Thankfully there has been a massive increase in the number of women who lift weights. More and more people are gaining the health and fat loss benefits associated with lifting heavy.
Watch Our Video With Larissa Reis As She Demonstrates Using Weights For Shoulder Definition
Some Common Mistakes With Female Weight Lifters
- Not lifting heavy enough – despite the increase in fat loss and toning seen when heavier weights are lifted, even those women lifting at 8-12 reps consistently underweight their bars. In general terms, women tend to underestimate their maximum weight by 10%, whereas men tend to overestimate by 10% and lose form.
- Not resting for long enough – women tend to rush through their exercises and don't give themselves enough time to recover between sets. Rest is important to gain the maximum benefits from your workout, or you can find yourself going backwards.
- Squatting form – women tend to find squats harder than men due to their wider hips and hence larger Q angle. This can result in valgus collapse, where the knees point more inwards than is optimal to compensate, and is something most women need to be aware of in their lifting.
- Tailor workouts to your body – there is a much larger genetic variability in women compared to men, in terms of both fat – how quickly it is gained and burned, and where, as well as muscle – how much can be built and amount of exercise necessary to tone. This means that the same workout can have hugely different effects on different women, and what works for your gym buddy may not work for you. Unfortunately, it's also often women who want a 'cookie cutter' approach – one set workout that will achieve results.

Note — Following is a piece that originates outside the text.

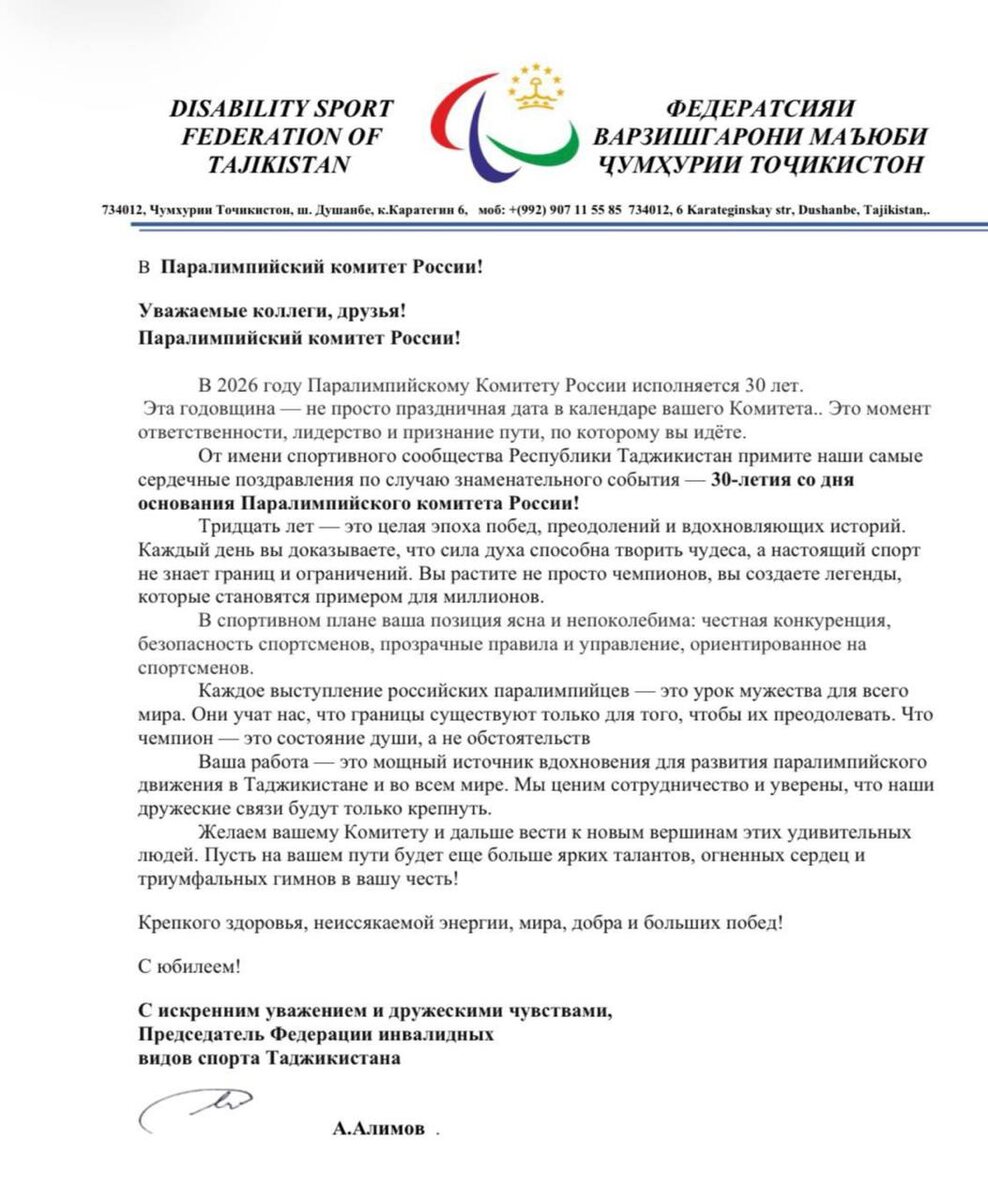 πΠΡΠ΅Π΄ΡΠ΅Π΄Π°ΡΠ΅Π»Ρ Π€Π΅Π΄Π΅ΡΠ°ΡΠΈΠΈ ΠΈΠ½Π²Π°Π»ΠΈΠ΄Π½ΡΡ Π²ΠΈΠ΄ΠΎΠ² ΡΠΏΠΎΡΡΠ° Π’Π°Π΄ΠΆΠΈΠΊΠΈΡΡΠ°Π½Π° ΠΠ±Π΄ΡΡΠ°ΡΠΏ ΠΠ»ΠΈΠΌΠΎΠ² Π½Π°ΠΏΡΠ°Π²ΠΈΠ» ΠΏΠΎΠ·Π΄ΡΠ°Π²ΠΈΡΠ΅Π»ΡΠ½ΠΎΠ΅ ΠΏΠΈΡΡΠΌΠΎ ΠΏΠΎ ΡΠ»ΡΡΠ°Ρ 30-Π»Π΅ΡΠΈΡ

It's important to be aware of your body and which type of exercise gains the results you want.
- Less emphasis on upper body – Women tend to avoid upper body exercises in the fear that they will look bulky, but in fact the upper body is where most women have problems, as they are weaker in the upper body compared to the lower than men. Skipping on upper body workouts will mean you'll miss out on the toned arms and perkier breast area; women cannot 'look bulky' due to much lower testosterone levels than men, the muscle building hormone.
These are just some of the biggest mistakes that women make when in the gym and weight lifting. Don't let your results lag behind your motivation. Pay attention to these common mistakes, correct them and see yourself reap the rewards.